When Not to Listen to Your Body

It’s important to listen to your body. In general, you need to know how you feel and you need to be able to relate those feelings to past experiences: this is what it feels like when I lift more than usual and I’m about to set a personal best; this is how i feel when my old shoulder injury starts showing up.

But feelings are not facts, as psychologists sometimes say . Our body generates a lot of emotions, pain, fatigue and anxiety and “oh my gosh, this is something new”. When should you listen to what your body is telling you, and when should you ignore it?

I was forced to ponder this question after reading a recent article in Outside magazine that discussed some recent (and some not-so-recent) research into how elite athletes relate to their emotions and physical sensations. It turns out that the best athletes are often better at ignoring these feelings than the rest.

Which makes some sense, right? If you’re a pro and you know you can run a certain amount of time in a marathon, you won’t slow down just because your legs are tired. You trust your learning. You know your pace. You follow your plan.

The rest of us may not have calibrated our feelings so well. Especially since we are beginners, we do not always know what we are capable of. So here are a few times when you can ignore what your body is telling you and when to start paying attention again.

When something hurts but you’re mostly okay

If you don’t know why you’re in pain, it’s worth getting checked out. But often we have a minor injury or some soreness that we have been assured is not a big deal. Then we still catastrophize.

Catastrophizing is what it looks like. Our body says “oh” and our brain extrapolates wildly to “what if I never feel better again?” or “I don’t think running is for me.” We begin to pay more attention to the pain, which can actually make us more sensitive to it. This can happen when we’re recovering from a major injury, but it can also happen in the context of very minor things, like a little muscle soreness from yesterday’s workout.

Get medical advice, if needed, to find out what you really need to do or avoid to stay on the path to healing. But don’t be surprised if your physical therapist says that you need to start using the injured body part and start believing that your body can handle a little pain while it heals.

When something is uncomfortable because you’re not used to it

We pay special attention when something is new to us. But something can be new and intimidating without being a real threat. Over time, the sensations that on the first day were “oh, stop” signals become things to which we later respond “oh, this? I didn’t even notice.”

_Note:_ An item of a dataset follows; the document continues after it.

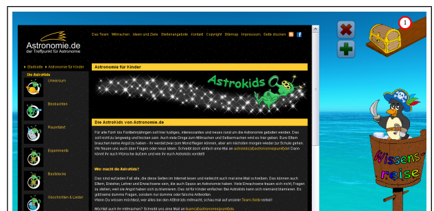
Figure 4: Screenshot of the UI: website opens in a frame.

A child can store relevant results in the “treasure chest”. This form of storage aims to support children’s memory to prevent cognitive overload. The number of stored results is shown near the chest. Furthermore, we use physical concepts like the size of the chest to show the amount of “treasure”, i.e. a chest icon becomes larger with each additional stored result (compare Fig. 1 and 5). By clicking on the chest, a journey journal opens (Fig. 5). We use a book metaphor, where each reversal of the book contains information about a stored webpage: its thumbnail, a textual summary and a title. A child can add notes to each website. It can also open the website again by clicking on its picture in the book. If a child does not like a website anymore, it can delete it by clicking on the

In the gym, this can mean the feeling of the barbell scratching on your hands, or the feel of a heavy bar on your back. Maybe you’re heading out for your first run and can’t stop thinking about how hot , sweaty , and thirsty you are. Use your brain to do a quick reality check: Am I at risk of heat stroke, or am I just not used to what it’s like to be on the treadmill in five minutes? If the latter, trust your brain more than your body.

When that small voice says, “I can’t.”

Someday you will surprise yourself with a personal best in the squat, or a record time in the mile, or you will complete a workout that you never thought you could finish. Seconds or minutes before that big win, you will probably have a moment where your body wants you to stop and you say no.

At the end of last year, I challenged myself by doing a series of 20 rep squats. So many times I reached 15, 10 or even 5 reps and every fiber of my being told me that everything, we are done, return the bar to the rack. There are no more reps available.

But I asked myself, do I need to stop or do I just want to stop? I came up with a rule: I will not rewind the bar while standing. I either finish the set or do another squat, fail in the middle of the rep and leave the bar on the belay. And you know what? I have completed each. A curse. Rep.

It is worth doing big, ambitious things. But for now, you should be doing this one rep at a time, for one minute. When you do five reps, you can’t ask yourself if you have 15 more. You just say, “Can I do one more?” Or, in the language of a motivational coach, flip each “What if I can’t?” in “What if I can?”